It is noted that the control portion 21 may redo the processing of Step S13 when a predetermined operation is accepted in the acceptance screen.

In Step S16, the control portion 21 executes the reading processing. The processing of Step S16 is an example of a reading step according to the present disclosure and is executed by the reading processing portion 33 of the control portion 21.

It is noted that the control portion 21 may determine whether or not the image read by the reading processing is the adjustment image based on the execution result of the reading processing, and when it is determined that the read image is not the adjustment image, shift the processing to Step S14 instead of Step S17.

In Step S17, the control portion 21 transmits the execution result of the reading processing to the image forming apparatus 1, and causes the control portion 11 of the image forming apparatus 1 to execute the adjustment processing. The processing of Step S17 is an example of an adjustment step according to the present disclosure and is executed by the adjustment processing portion 34 of the control portion 21.

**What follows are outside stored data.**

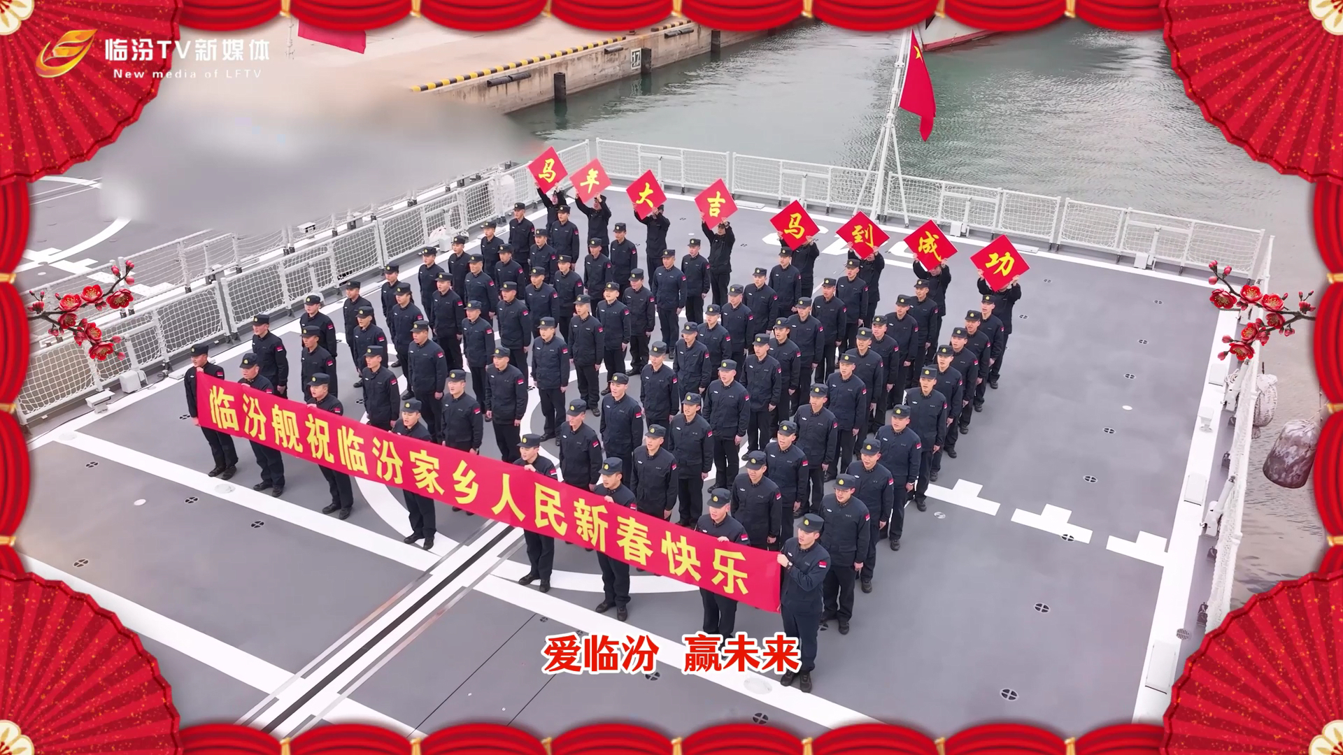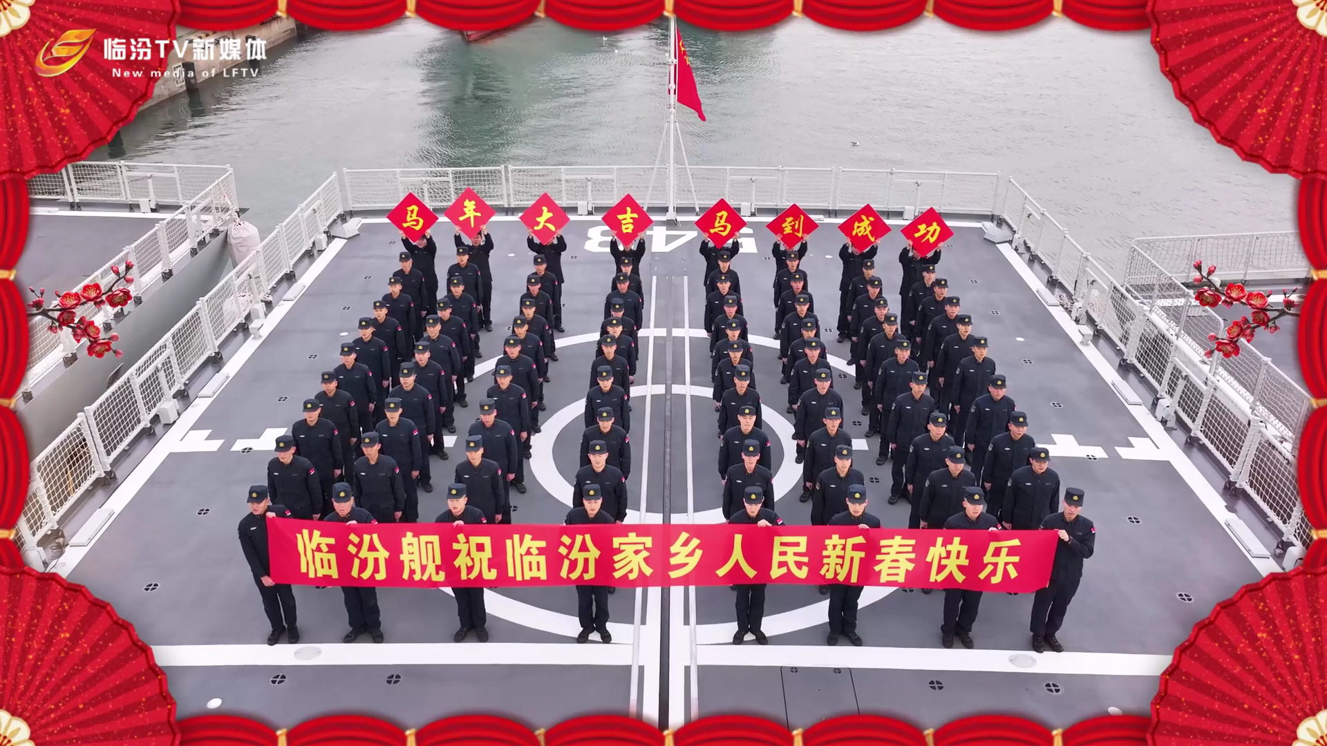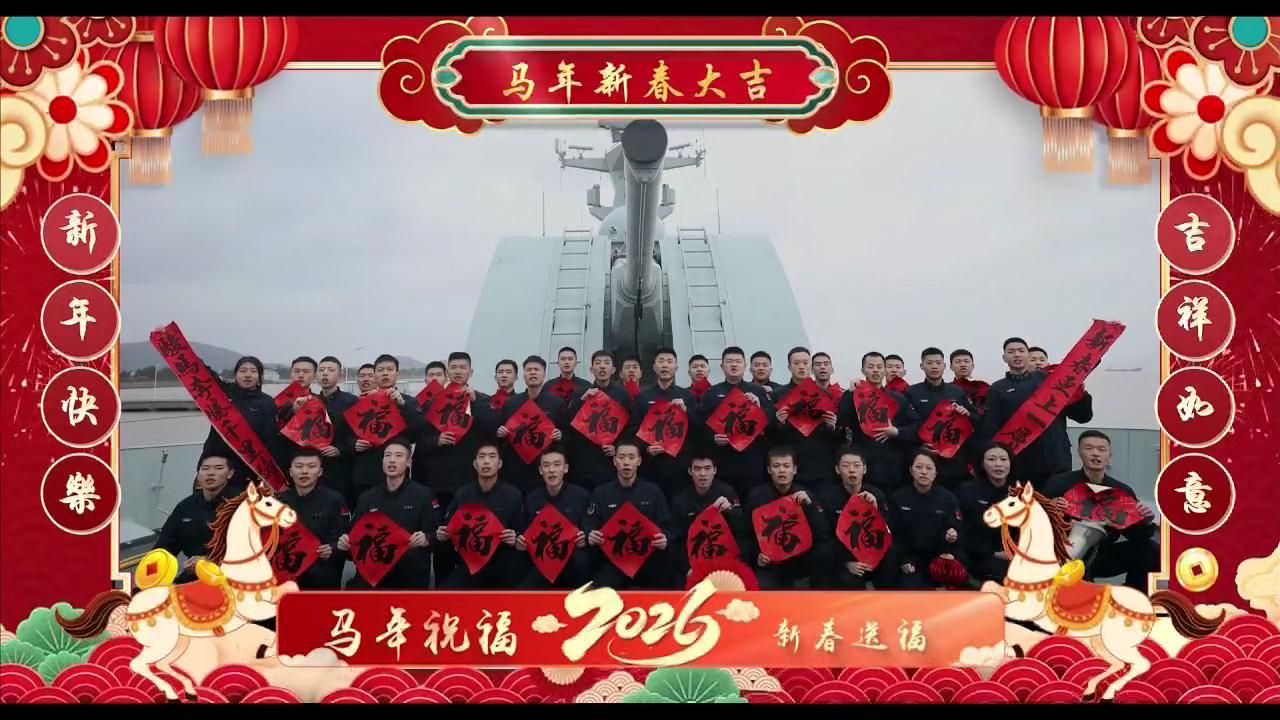 连续四年拜年的福建舰今年是入列后的第一次(图中左下)就去年站在甲板上 烽火问鼎计
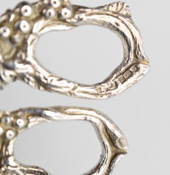 Elizabeth II pair of hallmarked silver grape scissors with vine decoration, London, 1969, maker Reign Beau Ltd, length 16cm, weight 106g
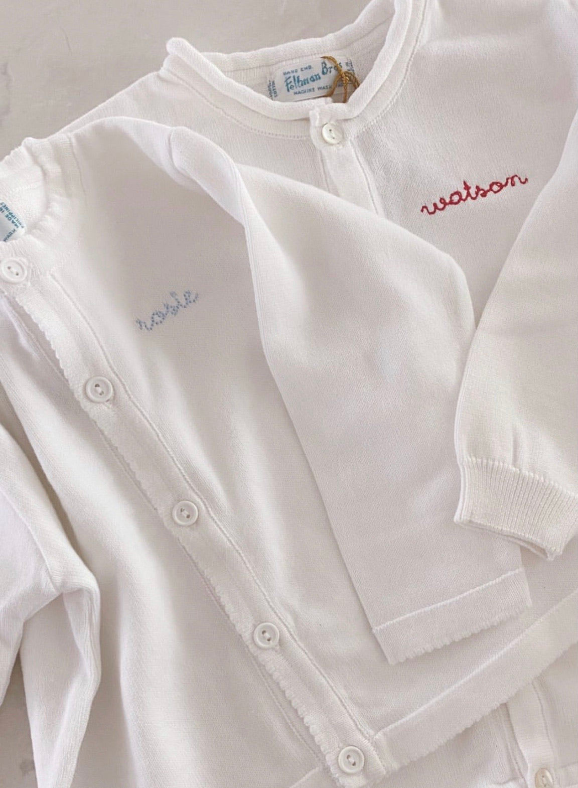 Meet an adorable knit cardigan, just right for keeping your little one warm while still looking fashionable and classy! Features ribbed sleeve cuffs and rolled over edges along the neck and hem. Perfect for layering over an outfit for an extra bit of warmth, or as a beautiful top of its own!
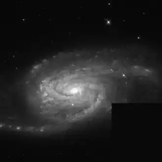 NGC 6181 is a barred spiral galaxy located in the constellation Hercules. It is designated as SB(rs)c in the galaxy morphological classification scheme and was discovered by William Herschel on 28 April 1788.[2] The galaxy is 107 million light years away.[1][3]
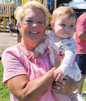 Above left, Patti Moreno, of Cranford, holds her daughter, Emma, 7 months, at the recent community event. Moreno said she enjoyed the interaction with people, adding ‘My husband is a retired firefighter from Elizabeth.’ Above, second from left, Joe Kropa stands with Fred, 2, and Molly, 6, at the annual Ice Pops with Cops/Cool Down with the Fire Department event at Hillside Avenue School. Above, third from left, Cranford Fire Department Battalion Chief Matt Lubin smiles at the recent community
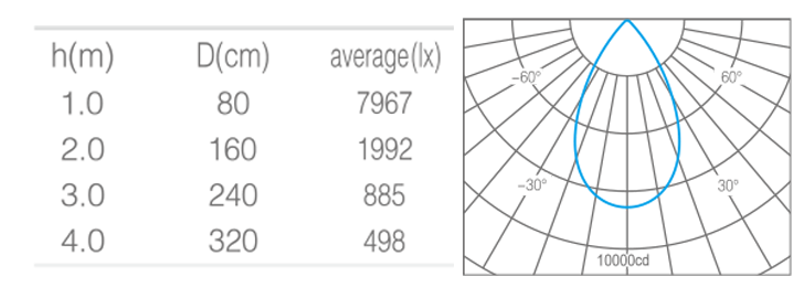 - 光束角50°
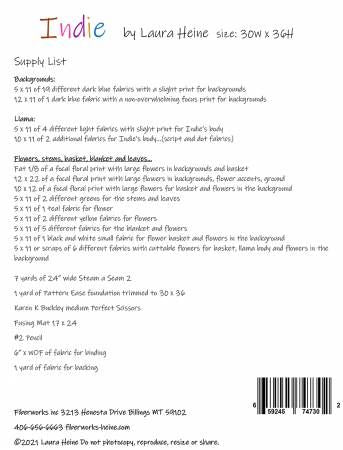 From Fiberworks Inc By Heine, Laura In Quilts Indie….The Llama Collage Pattern by Laura Heine. This pattern includes full color and step by step instructions to create this beautiful Llama. Adding the floral and blue backgrounds makes Indie stunning. Finished size 30in x 36in Printed Paper Pattern Final Product: Wall Hanging Finished Size: 30in x 36in Technique: Standard Machine Sewing Templates included: Yes - Paper Templates Skill Level: Beginner
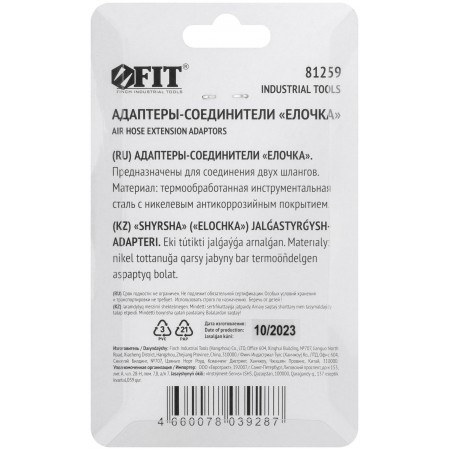 Адаптеры-соединители ''елочка''. Предназначены для соединения двух шлангов. Материал: инструментальная сталь с никелевым антикоррозийным покрытием. Упаковка: блистер.
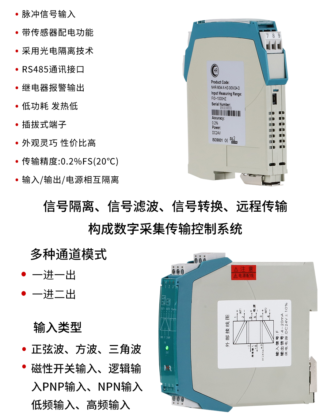 NHR-M34系列智能頻率轉(zhuǎn)換器將頻率信號經(jīng)隔離整形放大后,變送隔離輸出所需的信號,也可向現(xiàn)場的一次儀表提供電源回路。
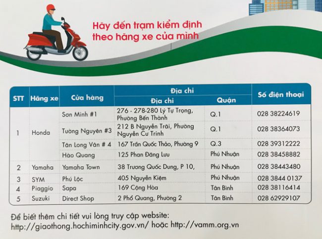 Cụ thể, từ nay đến hết tháng 9, người dân trên địa bàn TP.HCM sẽ được kiểm tra khí thải miễn phí tại 8 đại lý bảo dưỡng, sửa chữa thuộc 5 hãng xe bao gồm: Honda, Yamaha, SYM, Piaggio, Suzuki trên địa bàn 4 quận: 1, 3, Phú Nhuận, Tân Bình.

It is noted that the control portion 21 may transmit the adjustment image data to the image forming apparatus 1 after executing the processing of Step S17, and cause the control portion 11 of the image forming apparatus 1 to re-execute the adjustment image forming processing. In this case, the control portion 21 may set the voltage value of the driving voltage of each of the groups back to a value obtained before the execution of the first driving voltage adjustment processing in accordance with a predetermined cancel operation in the operation display portion 22.

In this manner, in the image forming system 100, the plurality of discharge elements 13H included in the line head 13A are used to form the monochrome image of black on the sheet conveyed by the sheet conveying portion 12. Further, the monochrome image of black formed on the sheet is read, and the driving voltage of the group is adjusted for each of the groups included in the line head 13A based on the read result. Thus, it is possible to suppress the variation of the ink discharge amounts in the plurality of discharge elements 13H included in the recording heads 13X.

Furthermore, in the image forming system 100, the rasterization processing is executed on the original image data to thus generate the adjustment image data. The original image data in the vector format has a smaller data amount than the adjustment image data in a bitmap format. Therefore, it is possible to set a storage capacity for storing data used for forming the adjustment image to be smaller than that of a configuration of storing the adjustment image data.

Further, in the image forming system 100, the image generation processing portion 31 is provided in the information processing apparatus 2 that is communicably connected to the image forming apparatus 1. Thus, one image generation processing portion 31 can be shared by a plurality of image forming apparatuses 1.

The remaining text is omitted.